# [Records to process]
————————

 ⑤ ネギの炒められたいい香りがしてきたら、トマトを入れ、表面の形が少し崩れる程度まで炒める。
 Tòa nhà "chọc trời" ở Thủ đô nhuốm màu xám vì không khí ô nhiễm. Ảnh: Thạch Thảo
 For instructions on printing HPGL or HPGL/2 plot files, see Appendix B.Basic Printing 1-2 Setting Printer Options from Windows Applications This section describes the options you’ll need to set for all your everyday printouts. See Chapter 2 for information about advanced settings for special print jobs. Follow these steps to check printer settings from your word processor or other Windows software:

————————

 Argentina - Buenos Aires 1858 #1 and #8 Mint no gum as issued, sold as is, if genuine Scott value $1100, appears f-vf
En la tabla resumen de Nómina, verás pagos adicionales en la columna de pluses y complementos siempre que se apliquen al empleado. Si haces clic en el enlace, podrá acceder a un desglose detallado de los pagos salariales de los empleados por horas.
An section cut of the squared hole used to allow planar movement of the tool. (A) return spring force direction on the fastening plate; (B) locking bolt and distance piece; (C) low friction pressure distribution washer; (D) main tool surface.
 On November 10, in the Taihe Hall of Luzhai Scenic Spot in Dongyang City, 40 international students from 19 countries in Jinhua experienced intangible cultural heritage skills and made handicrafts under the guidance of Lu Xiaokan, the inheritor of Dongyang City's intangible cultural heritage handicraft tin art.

————————

# [About this task]
From the line that has "An section cut" through the line that has "On November 10, in", copy every line exactly as it appears above, and leave out all others.

# [Response to the exercise]
An section cut of the squared hole used to allow planar movement of the tool. (A) return spring force direction on the fastening plate; (B) locking bolt and distance piece; (C) low friction pressure distribution washer; (D) main tool surface.
 On November 10, in the Taihe Hall of Luzhai Scenic Spot in Dongyang City, 40 international students from 19 countries in Jinhua experienced intangible cultural heritage skills and made handicrafts under the guidance of Lu Xiaokan, the inheritor of Dongyang City's intangible cultural heritage handicraft tin art.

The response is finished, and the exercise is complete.